Answer
(a) The time required to catch the box car is 26 s.
(b) The distance traveled to reach the box car is 143 m.
Work Step by Step
$t_1 = \frac{v-v_0}{a} = \frac{6.0 ~m/s}{1.4 ~m/s^2} = 4.3 ~s$
It takes 4.3 s to accelerate up to a speed of 6.0 m/s.
$x = v\cdot t_1 = (5.0 ~m/s)(4.3 ~s) = 22 ~m$
In 4.3 s, the box car moves a distance of 22 m.
The fugitive is moving at 6.0 m/s and the box car is moving at a speed of 5.0 m/s. Therefore, the fugitive will catch the box car at a rate of 1.0 m/s.
$t_2 = \frac{x}{v} = \frac{22 ~m}{1.0 ~m/s} = 22 ~s$
(a) The total time to catch the box car is $t_1 + t_2$.

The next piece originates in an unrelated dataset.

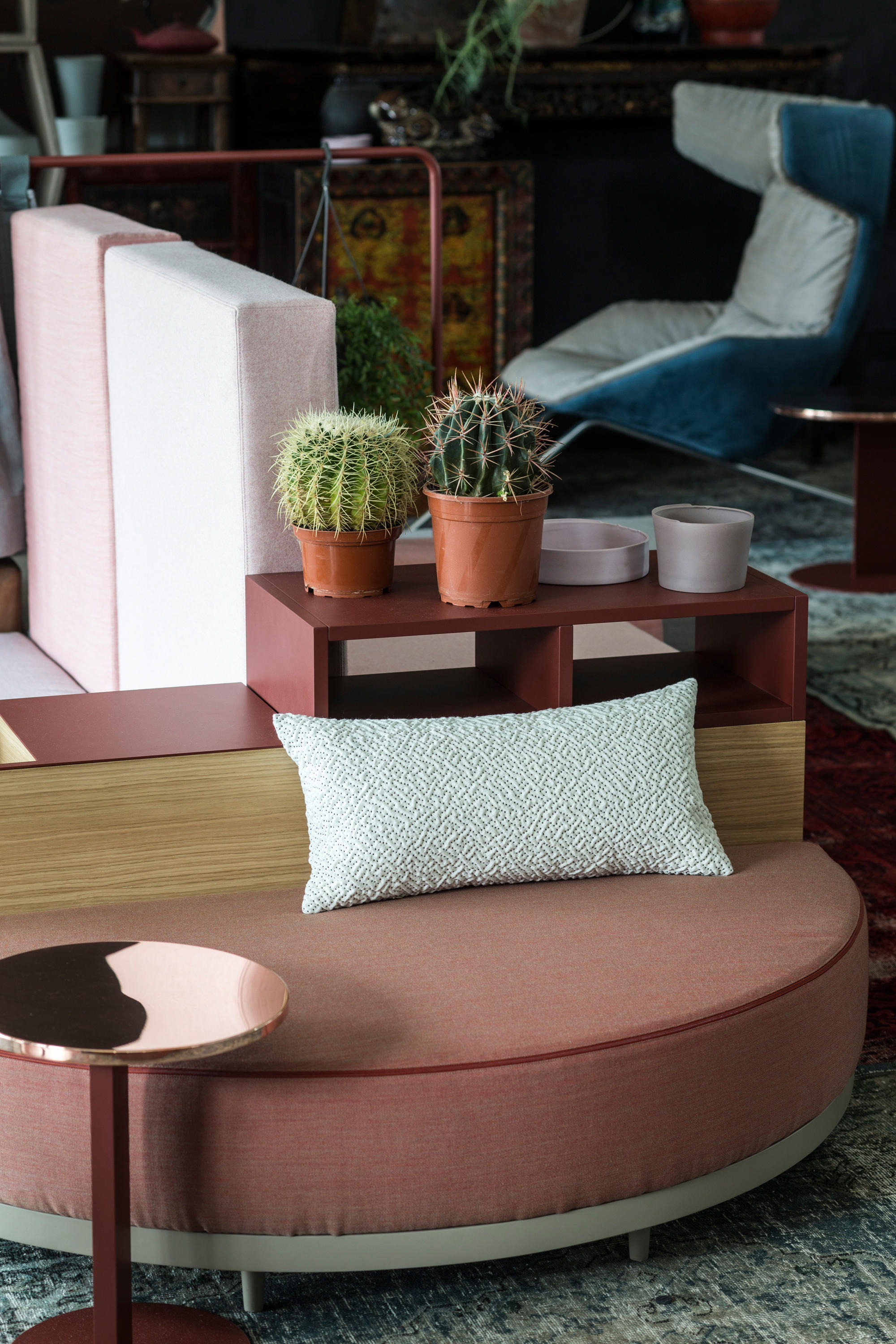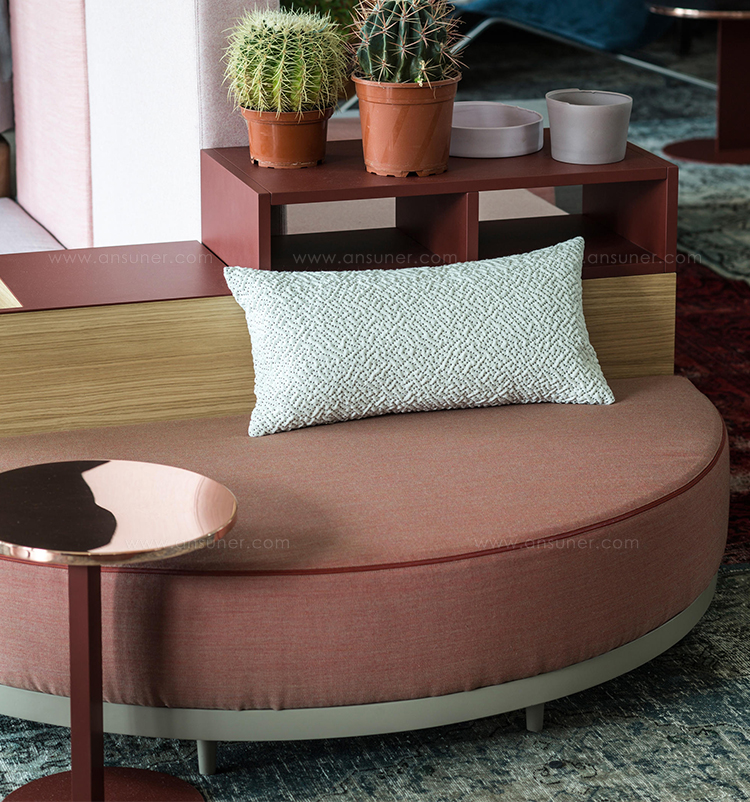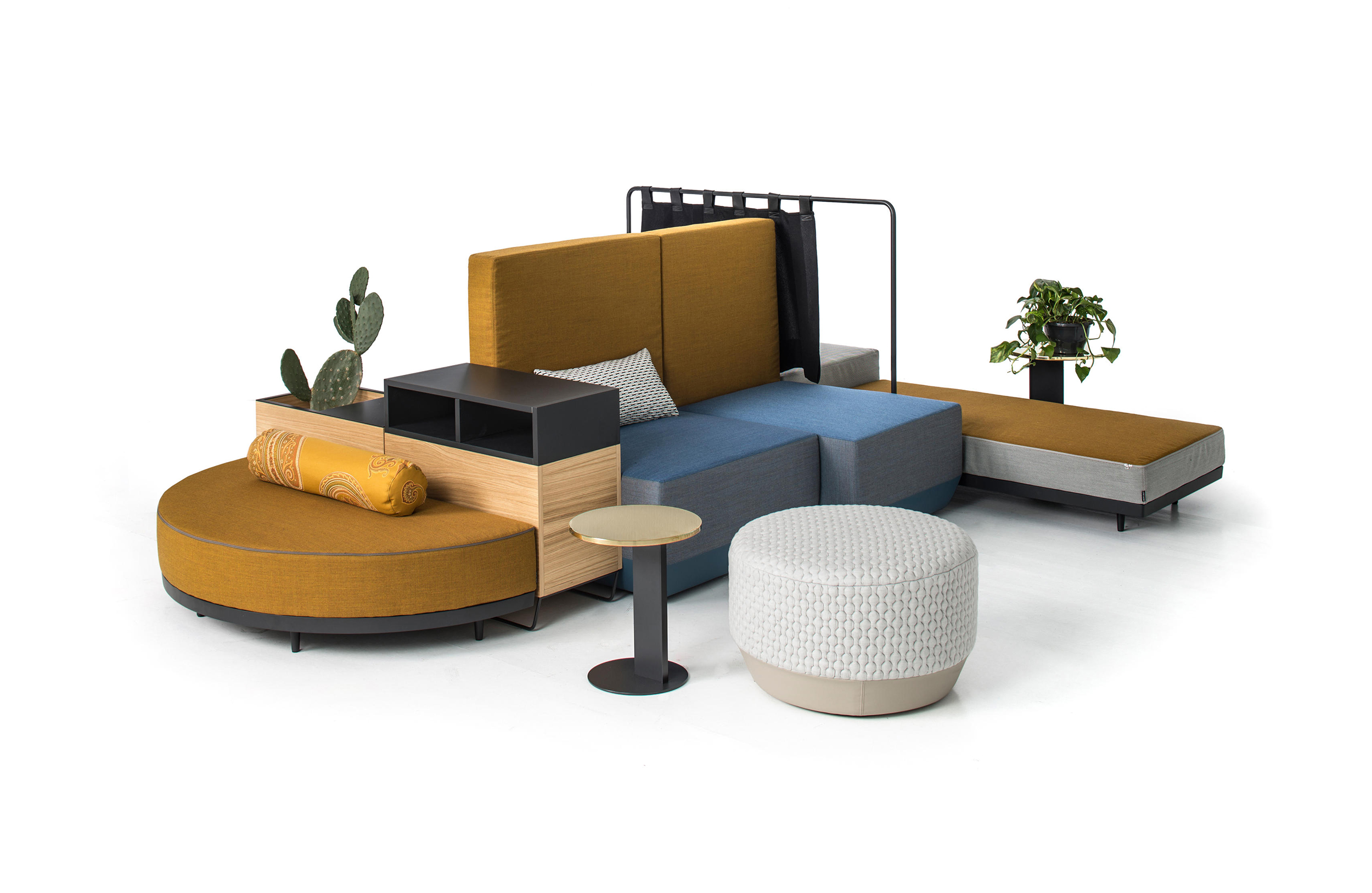 设计相互作用,轨迹控制空间。比基尼是一种风景,它是时代的产物,是它所代表的社会。无论是在等候区还是在家中使用,座位系统是绝对灵活的,因为不需要空间的布局和座位组件的排列。这些组件在外观和功能上各不相同,因此,它们可以在任何设置中使用。凳子、桌子、衣架、容器、架子、屏风、工作台、座椅:每一个元素都结合在一起,创造互动和交流。多种功能和含义的结合意味着沙发作为看电视的家具或简单的休息场所的概念发生了革命性的变化,使它成为互动的核心。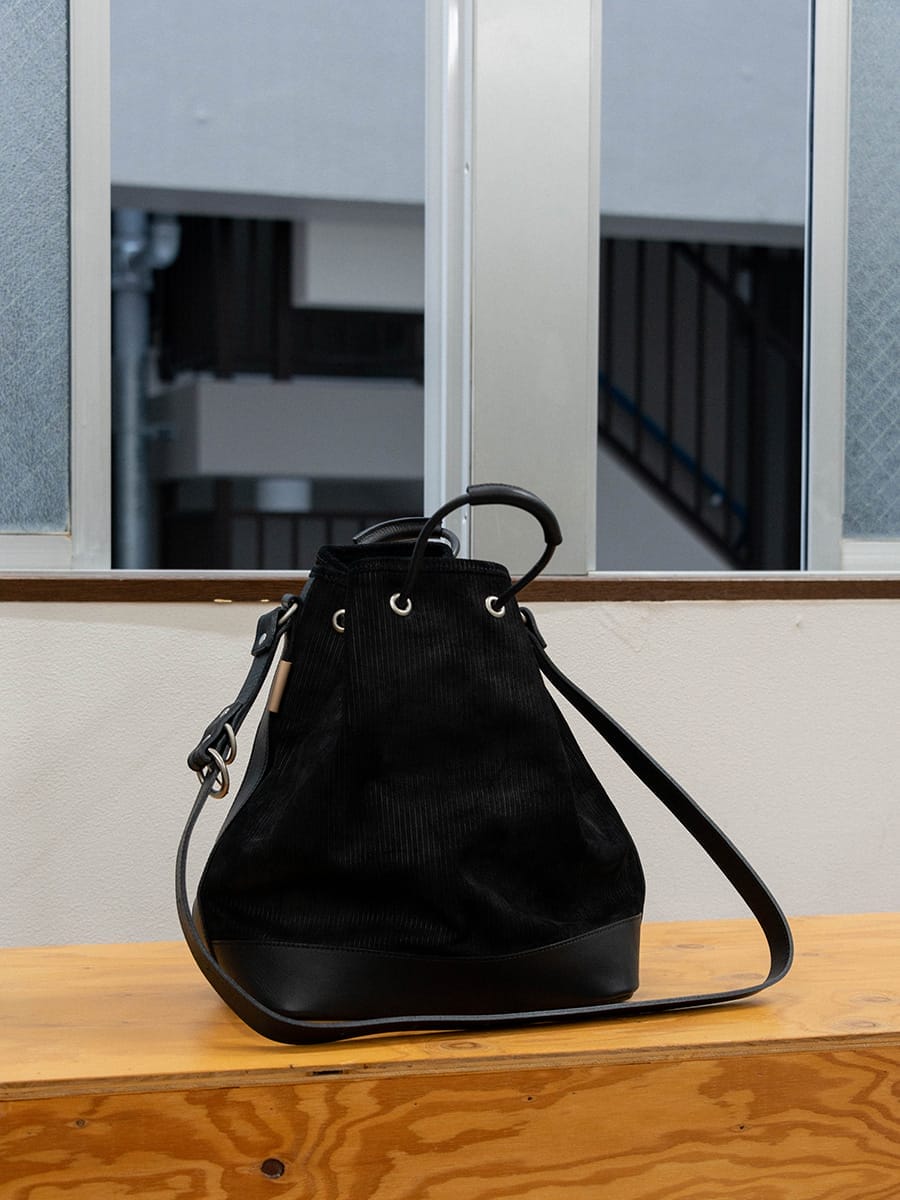 一見可愛らしい巾着的なデザインとシックなコーデュロイレザーのバランス、程よい存在感の大きさがいいなと。手持ちでもショルダーでもしっくりきた。

$t_1+ t_2 = 4.3 ~s + 22 ~s = 26 ~s$
The time required to catch the box car is 26 s.
(b) Let $x_1$ be the distance traveled during the acceleration period.
$x_1 = \frac{1}{2}at^2 = \frac{1}{2}(1.4 ~m/s^2)(4.3 ~s)^2 = 13 ~m$
Let $x_2$ be the distance traveled while moving at a constant speed of 6.0 m/s.
$x_2 = vt = (6.0 ~m/s)(22 ~s) = 130 ~m$
The total distance is $x_1 + x_2$.
$x_1 + x_2 = 13 ~m + 130 ~m = 143 ~m$
The distance traveled to reach the box car is 143 m.